Услышав искренние и логичные размышления мужчины о принципах борьбы за восьмичасовой рабочий день, я осознала: позиция Моста — лжива. Я совершаю преступление против рабочих и собственной совести, когда повторяю, как попугай, чужое мнение. Я поняла, почему мне так и не удалось покорить публику: я применяла дешёвые шутки и колкости против трудящихся, чтобы скрыть собственную внутреннюю неуверенность. Мой первый опыт выступления на публике не увенчался успехом, на который рассчитывал Мост, но я получила ценный урок. Я перестала наивно верить, что мой учитель непогрешим и убедилась в необходимости мыслить самостоятельно.

В Нью-Йорке друзья приготовили мне роскошный приём: квартира просто сверкала чистотой и была заставлена цветами. Все с удовольствием выслушали мой рассказ о поездке и обеспокоились: как же отнесётся к изменениям в моём мировоззрении Мост?

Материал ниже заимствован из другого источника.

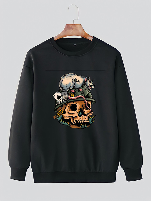 پلیور دورس مردانه پنبه ای پشت کرک طرحدار طرح اسکلت برند دیجی تیشرت
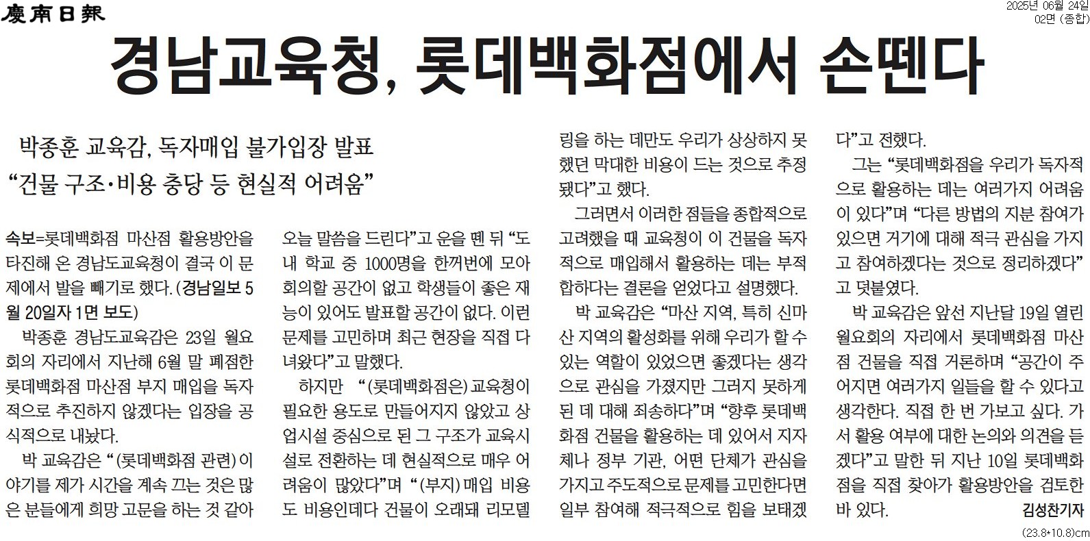 박종훈 교육감은 6월 초에 폐점한 롯데백화점 마산점을 방문할 예정이라고 합니다.
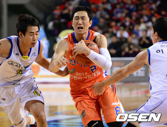 12일 오후 인천삼산실내체육관 열린 '2013-14시즌 KB국민카드 프로농구' 인천 전자랜드와 서울 삼성의 경기 1쿼터 전자랜드 정영삼이 삼성 김태주를 상대로 돌파를 시도하고 있다.
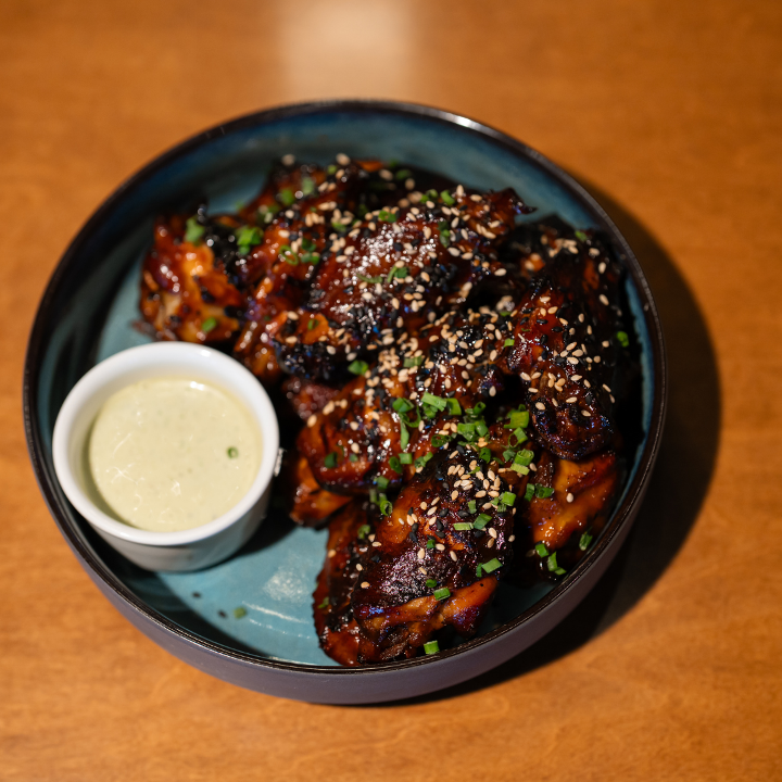 9 chicken wings glazed in a hoisin-ginger sauce with sesame & scallion.
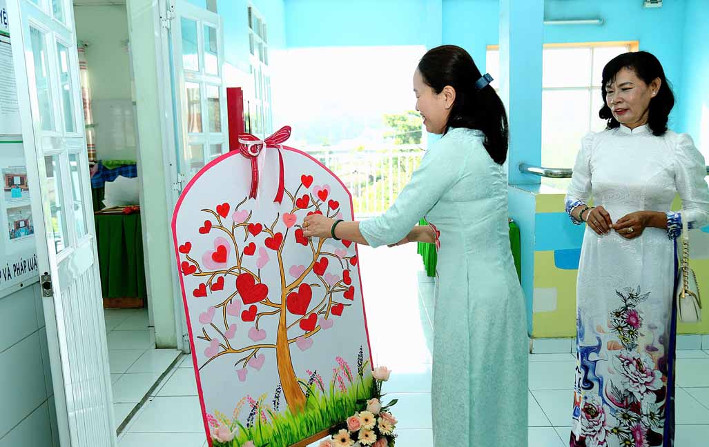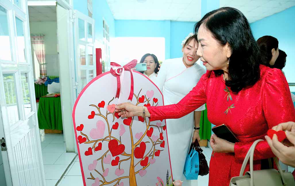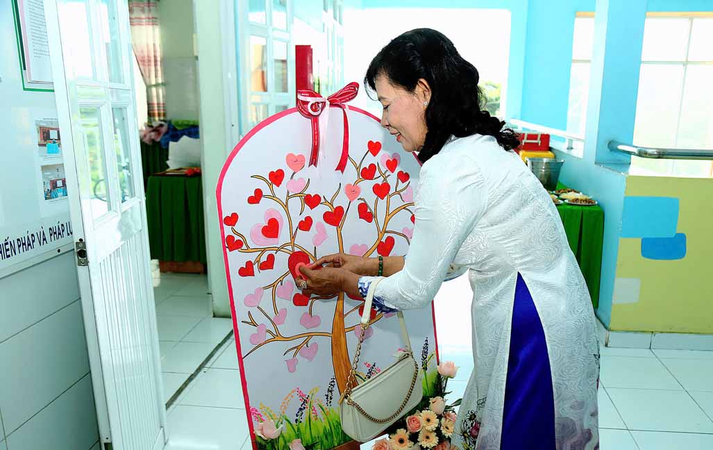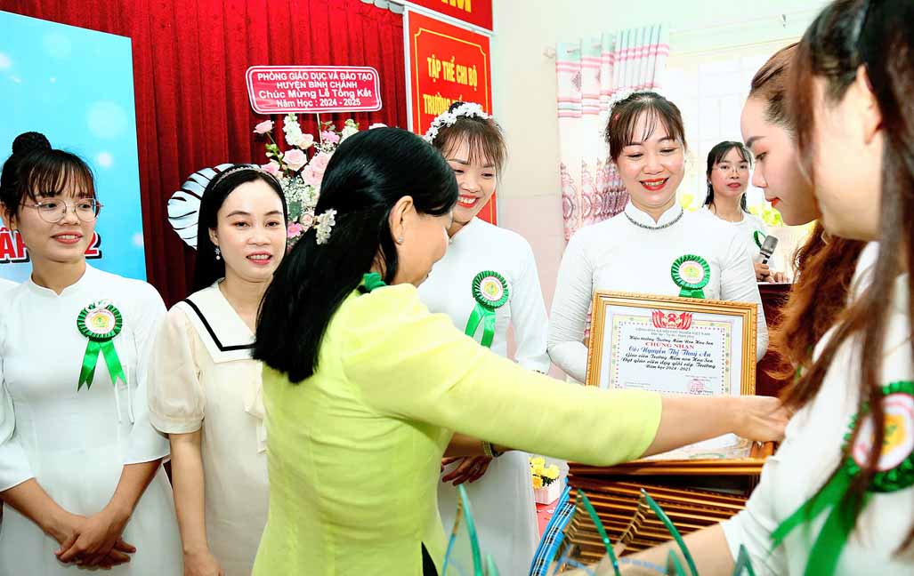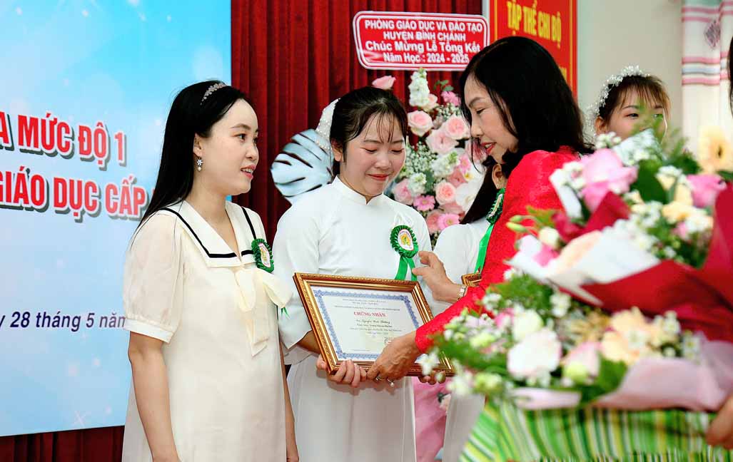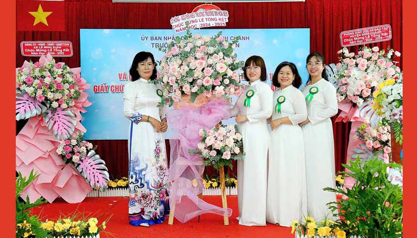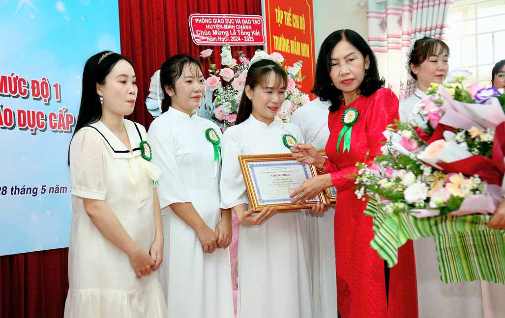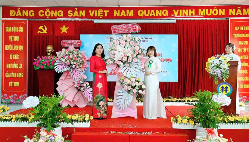 Bà Nguyễn Thị Liêm – Huyện ủy viên, Bí thư Đảng ủy xã Lê Minh Xuân trao Bằng công nhận của Giám đốc Sở Giáo dục và Đào tạo Thành phố Hồ Chí Minh về công nhận Trường Mầm non Hoa Sen, huyện Bình Chánh đạt Chuẩn Quốc gia mức độ 1, đạt kiểm định chất lượng giáo dục cấp độ 2.

Следующим вечером мы встретились с Мостом — снова в Террас-Гарден. Он помолодел за две недели моего отсутствия: на нём ловко сидел новый элегантный серый костюм с красной гвоздикой в петлице, а грубая борода была аккуратно подстрижена. Он радостно подошёл ко мне и подарил огромный букет фиалок. Две недели моего отсутствия, говорил Мост, показались ему невыносимо долгими. Он упрекал себя за то, что позволил мне уехать, когда мы стали так близки. Но теперь он никогда больше не отпустит меня — по крайней мере, одну.

Я несколько раз начинала рассказывать ему о своей поездке. Меня уязвило, что сам он ничего о ней не спрашивал. Разве не он послал меня выступать, да ещё и против моей воли? Он так хотел сделать из меня великую ораторшу, а теперь ему неинтересно, способной ли я оказалась ученицей?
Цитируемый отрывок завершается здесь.